Druckspeicher haben ein thermodynamisches Problem. Man kann nicht einfach Medien komprimieren und wieder dekomprimieren wie einen mechanischen Federspeicher, denn Gase setzen beim Komprimieren Energie frei, die als Wärme abgegeben wird. Beim Dekomprimieren (also bei der Rückverstromung) muss wieder Wärme zugeführt werden, da ansonsten Vereisung in den Wärmetauschern auftritt. Man kann zwar versuchen, parallel zwischenzuspeichern, das verursacht aber ebenfalls Aufwand, braucht ein Speichermedium und der Wirkungsgrad der Wärmespeicherung nimmt dann mit zunehmender Speicherzeit wegen der Wärmeverluste ab.
Redox-Flow-Speicher können in bestimmten Fällen sinnvoll sein, denn die gespeicherte Energie erhöht die Systemkosten vergleichsweise nur wenig, da nur mehr Trägermedium zwischengespeichert werden muss. Was Kosten verursacht, ist lediglich die System-Leistung. Allerdings beinhalten solche Speicher auch einiges an „Mechanik“ wie Pumpen und Anlagentechnik. Die Kosten dieser eher „konventionellen“ Technologien sinken aber erfahrungsgemäß kaum oder nur sehr langsam, es ist deswegen fraglich, inwieweit diese Speicher einer künftig zu erwartenden Kostendegression folgen können.

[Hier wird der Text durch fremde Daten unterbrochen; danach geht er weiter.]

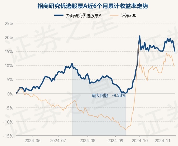证券之星消息,11月15日,招商研究优选股票A最新单位净值为1.2565元,累计净值为1.2565元,较前一交易日下跌1.43%。历史数据显示该基金近1个月下跌0.72%,近3个月上涨9.38%,近6个月上涨14.67%,近1年上涨21.33%。该基金近6个月的累计收益率走势如下图:

Antworten zu allgemeinen Fragen zu Speichern

Wie hoch sind die Entsorgungskosten eines ein Megawattspeichers ungefähr und wie werden sich diese entwickeln?

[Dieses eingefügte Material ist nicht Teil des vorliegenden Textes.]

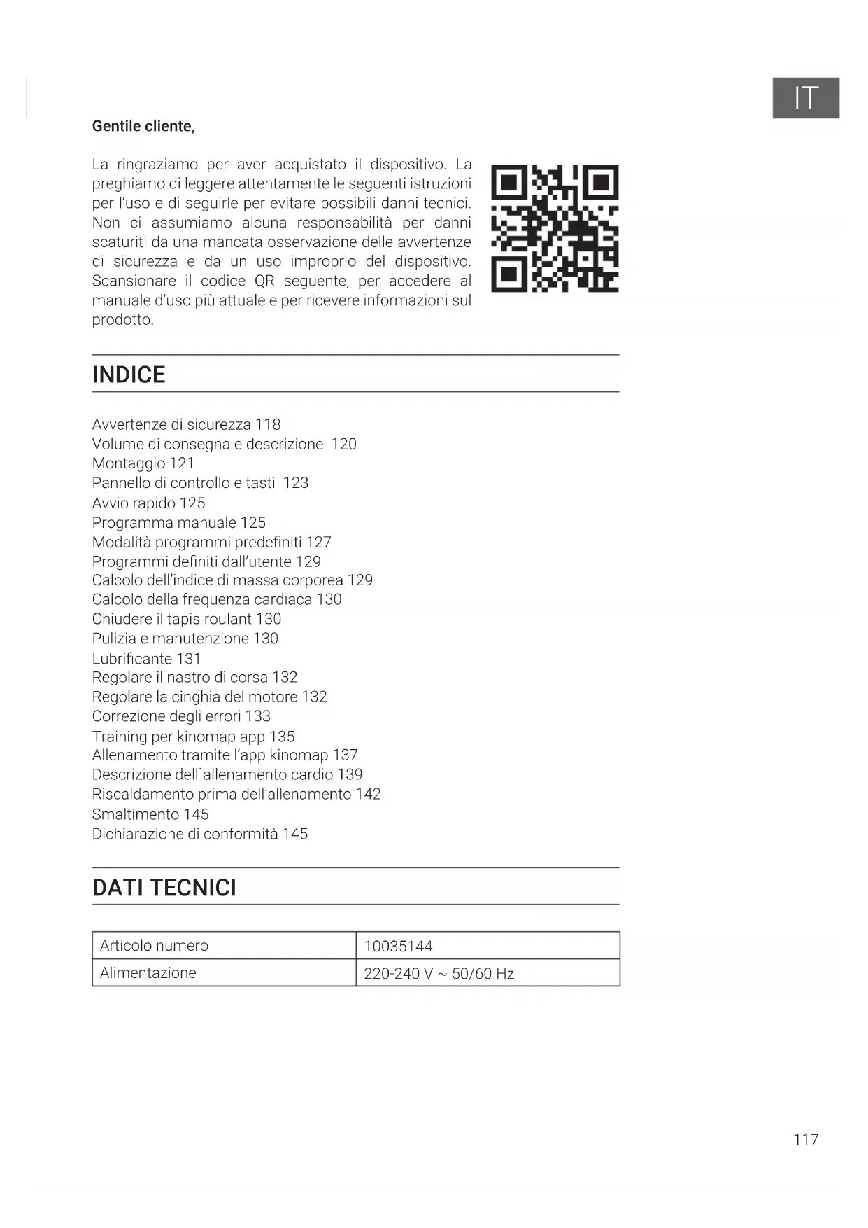 Gentile cliente, La ringraziamo per aver acquistato il dispositivo. La preghiamo di leggere attentamente le seguenti istruzioni per l’uso e di seguirle per evitare possibili danni tecnici. Non ci assumiamo alcuna responsabilità per danni scaturiti da una mancata osservazione delle avvertenze di sicurezza e da un uso improprio del dispositivo. Scansionare il codice QR seguente, per accedere al manuale d’uso più attuale e per ricevere informazioni sul prodotto. INDICE Avvertenze di sicurezza 118 Volume di consegna e descrizione 120 Montaggio 121 Pannello di controllo e tasti 123 Avvio rapido 125 Programma manuale 125 Modalità programmi predeniti 127 Programmi deniti dall’utente 129 Calcolo dell’indice di massa corporea 129 Calcolo della frequenza cardiaca 130 Chiudere il tapis roulant 130 Pulizia e manutenzione 130 Lubricante 131 Regolare il nastro di corsa 132 Regolare la cinghia del motore 132 Correzione degli errori 133 Training per kinomap app 135 Allenamento tramite l’app kinomap 137 Descrizione dell`allenamento cardio 139 Riscaldamento prima dell’allenamento 142 Smaltimento 145 Dichiarazione di conformità 145 DATI TECNICI Articolo numero

Das lässt sich im momentanen Zeitpunkt schlecht beantworten, weil es bisher noch keine großtechnischen Entsorgungssysteme gibt. Momentan kostet eine Entsorgung etwa ein Prozent vom Invest, mit sinkender Tendenz.

Ist ein Hybridspeicher aus neuen und aus Second-Use-Batterien günstiger als ein Speicher aus rein neuen Batterien?

Selbstverständlich sind Second-Use-Batterien günstiger, deswegen werden sie ja auch verwendet. Der Preisvorteil wird allerdings teilweise durch eine aufwendigere Wechselrichterkonfiguration kompensiert. Second-Use-Batterien sind im Allgemeinen auf dem freien Markt nicht verfügbar, sondern werden nur in Form von Rahmenverträgen mit den Herstellern gehandelt. Jedes Projekt ist deswegen hier sehr individuell zu betrachten.